2013-09-03 14:52:26,753 INFO org.apache.hadoop.hbase.master.ServerManager: Waiting for region servers count to settle; currently checked in 0, slept for 3068 ms, expecting minimum of 1, maximum of 2147483647, timeout of 4500 ms, interval of 1500 ms.
2013-09-03 14:52:28,266 INFO org.apache.hadoop.hbase.master.ServerManager: Waiting for region servers count to settle; currently checked in 0, slept for 4582 ms, expecting minimum of 1, maximum of 2147483647, timeout of 4500 ms, interval of 1500 ms.

regionserver/slave log :

2013-09-03 16:05:18,307 INFO org.apache.zookeeper.ZooKeeper: Initiating client connection, connectString=172.25.39.7:2222 sessionTimeout=180000 watcher=regionserver:60020
2013-09-03 16:05:18,333 INFO org.apache.zookeeper.ClientCnxn: Opening socket connection to server localhost/172.25.39.7:2222. Will not attempt to authenticate using SASL (unknown error)
2013-09-03 16:05:18,336 INFO org.apache.hadoop.hbase.zookeeper.RecoverableZooKeeper: The identifier of this process is 14384@cldx-1229-1117
2013-09-03 16:05:18,348 INFO org.apache.zookeeper.ClientCnxn: Socket connection established to localhost/172.25.39.7:2222, initiating session
2013-09-03 16:05:18,426 INFO org.apache.zookeeper.ClientCnxn: Session establishment complete on server localhost/172.25.39.7:2222, sessionid = 0x140e363f8090000, negotiated timeout = 180000
2013-09-03 16:05:18,452 DEBUG org.apache.hadoop.hbase.catalog.CatalogTracker: Starting catalog tracker org.apache.hadoop.hbase.catalog.CatalogTracker@3a9cfedf
2013-09-03 16:05:18,517 INFO org.apache.hadoop.hbase.zookeeper.RecoverableZooKeeper: Node /hbase/online-snapshot/acquired already exists and this is not a retry
2013-09-03 16:05:18,557 INFO org.apache.hadoop.hbase.regionserver.MemStoreFlusher: globalMemStoreLimit=393.4m, globalMemStoreLimitLowMark=344.2m, maxHeap=983.4m
2013-09-03 16:05:18,561 INFO org.apache.hadoop.hbase.regionserver.HRegionServer: Runs every 2hrs, 46mins, 40sec
2013-09-03 16:05:18,621 INFO org.apache.hadoop.hbase.regionserver.HRegionServer: Attempting connect to Master server at localhost,60000,1378199761324
2013-09-03 16:05:28,697 WARN org.apache.hadoop.hbase.regionserver.HRegionServer: Unable to connect to master.
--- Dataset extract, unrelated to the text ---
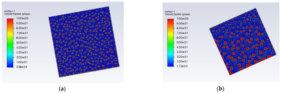 Figure 12 shows the variation in droplet distribution in dropwise condensation against calculation time at a rotational angular velocity of 3.14 rad·s−1 and contact angle of 90°. The rotation direction was counterclockwise, and the rotation center was set at the geometric center. Similar droplet movement behavior can be observed in this figure, in that the droplets tended to move along the direction of gravity. There was no essential difference in droplet distribution found in the present study when the rotational angular velocity increased from 1.57 rad·s−1 to 3.14 rad·s−1.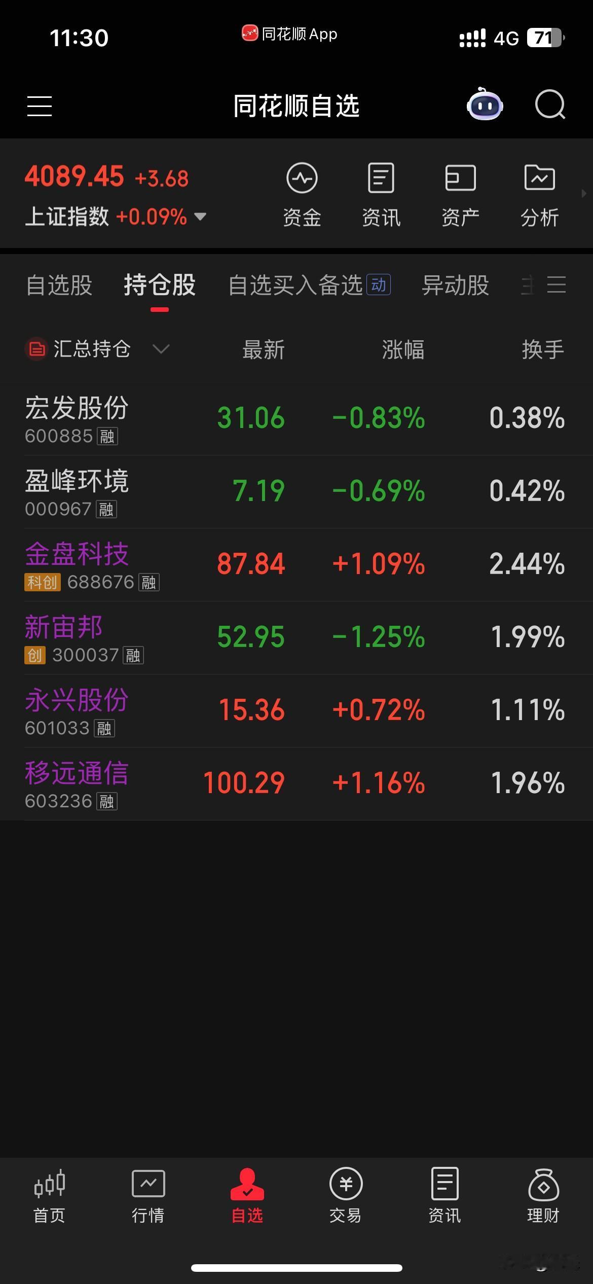 大盘今天低开,然后逐步上扬,个股涨多跌少,但成交量萎缩明显。我的股涨跌各半,微红2百多。上午管住手没有操作。一直盯着雅克,这股有存储芯片和光刻机概念,都是目前比较火的热点,高位不太敢买,再等等也许下午或明天有机会[呲牙]

Retrying. Error was:
java.net.ConnectException: Connection refused
    at sun.nio.ch.SocketChannelImpl.checkConnect(Native Method)
    at sun.nio.ch.SocketChannelImpl.finishConnect(SocketChannelImpl.java:692)
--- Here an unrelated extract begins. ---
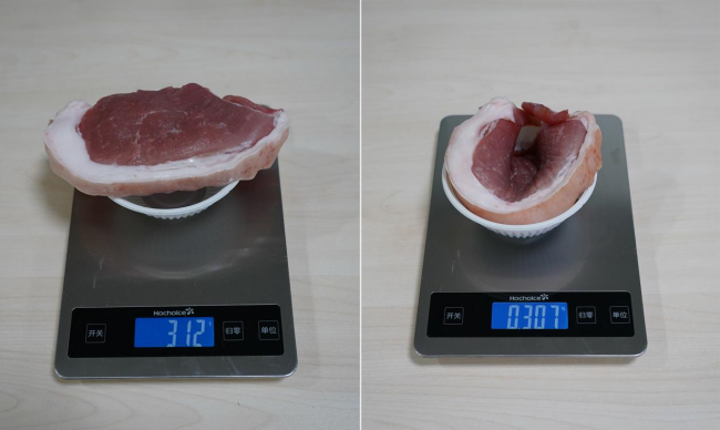 前后对比:容声WILL无边界系列605冰箱中的猪肉

    at org.apache.hadoop.net.SocketIOWithTimeout.connect(SocketIOWithTimeout.java:206)
    at org.apache.hadoop.net.NetUtils.connect(NetUtils.java:489)
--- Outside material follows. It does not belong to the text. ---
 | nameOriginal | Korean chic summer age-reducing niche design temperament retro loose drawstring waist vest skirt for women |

    at org.apache.hadoop.hbase.ipc.HBaseClient$Connection.setupConnection(HBaseClient.java:390)
    at org.apache.hadoop.hbase.ipc.HBaseClient$Connection.setupIOstreams(HBaseClient.java:436)
    at org.apache.hadoop.hbase.ipc.HBaseClient.getConnection(HBaseClient.java:1127)
    at org.apache.hadoop.hbase.ipc.HBaseClient.call(HBaseClient.java:974)
    at org.apache.hadoop.hbase.ipc.WritableRpcEngine$Invoker.invoke(WritableRpcEngine.java:86)
    at com.sun.proxy.$Proxy8.getProtocolVersion(Unknown Source)
    at org.apache.hadoop.hbase.ipc.WritableRpcEngine.getProxy(WritableRpcEngine.java:138)
    at org.apache.hadoop.hbase.ipc.HBaseRPC.waitForProxy(HBaseRPC.java:208)
    at org.apache.hadoop.hbase.regionserver.HRegionServer.getMaster(HRegionServer.java:2030)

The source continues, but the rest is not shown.